# [Brief]
Exactly and only the lines below from the one containing "Блок питания LIAN" down to the one containing "2 Murano Glass" are wanted, both included; please exclude every picture.

# [Supplied data]
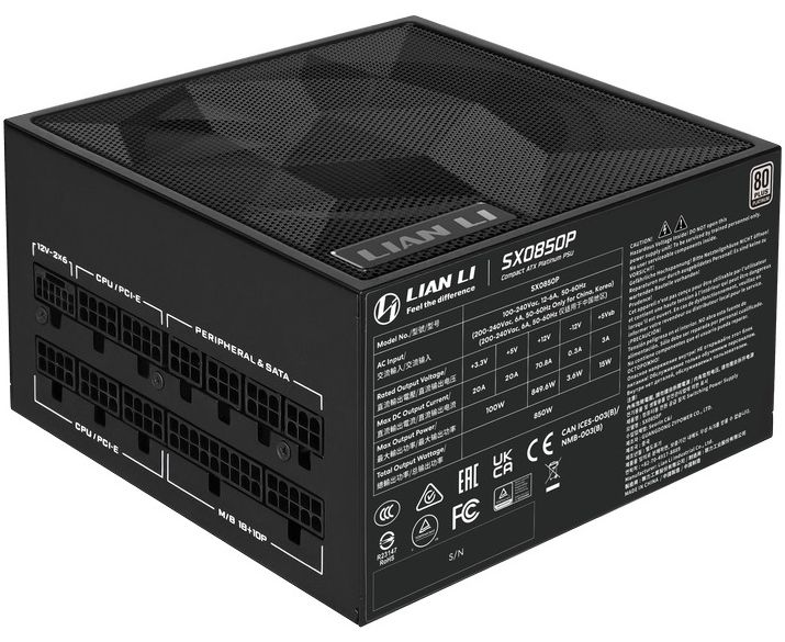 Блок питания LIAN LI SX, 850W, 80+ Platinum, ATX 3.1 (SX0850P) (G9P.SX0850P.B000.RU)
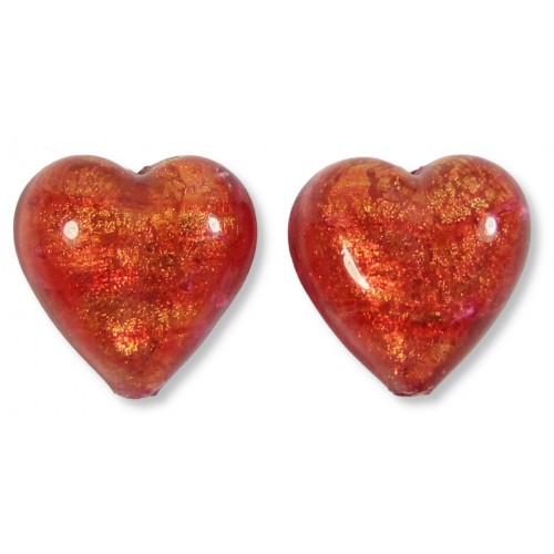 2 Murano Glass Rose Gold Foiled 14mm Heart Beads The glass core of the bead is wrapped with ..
==
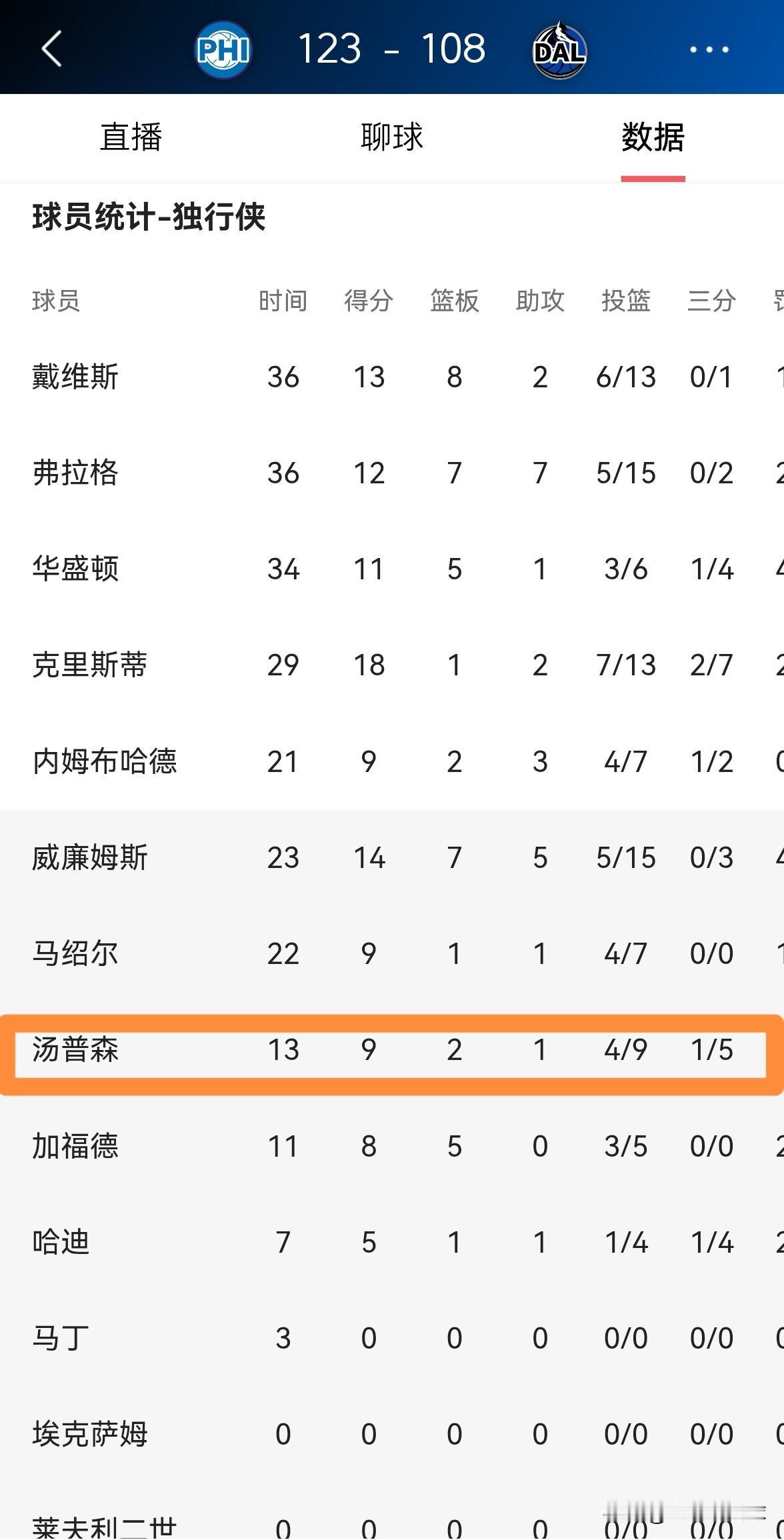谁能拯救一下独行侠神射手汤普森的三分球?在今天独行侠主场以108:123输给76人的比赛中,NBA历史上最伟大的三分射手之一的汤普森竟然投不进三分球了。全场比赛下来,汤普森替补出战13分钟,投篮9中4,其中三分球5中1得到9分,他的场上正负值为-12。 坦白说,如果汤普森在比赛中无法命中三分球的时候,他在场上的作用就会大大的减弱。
--
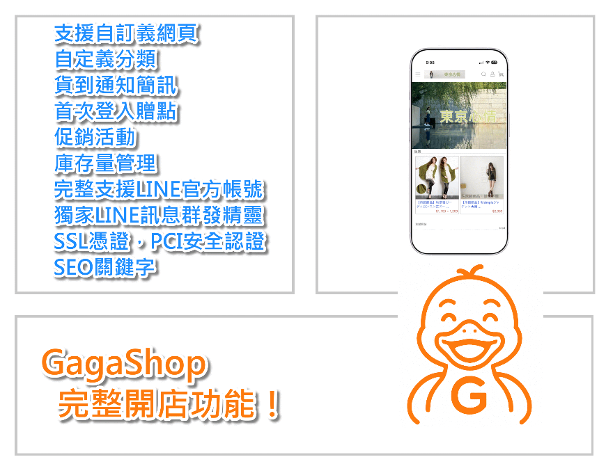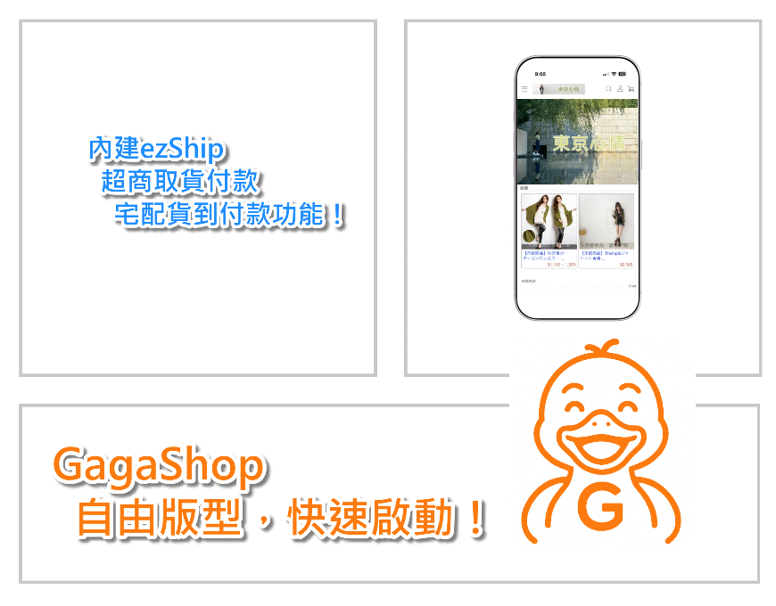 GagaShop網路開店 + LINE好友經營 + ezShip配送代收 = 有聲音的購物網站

# [Result for this exercise]
 Блок питания LIAN LI SX, 850W, 80+ Platinum, ATX 3.1 (SX0850P) (G9P.SX0850P.B000.RU)
 2 Murano Glass Rose Gold Foiled 14mm Heart Beads The glass core of the bead is wrapped with ..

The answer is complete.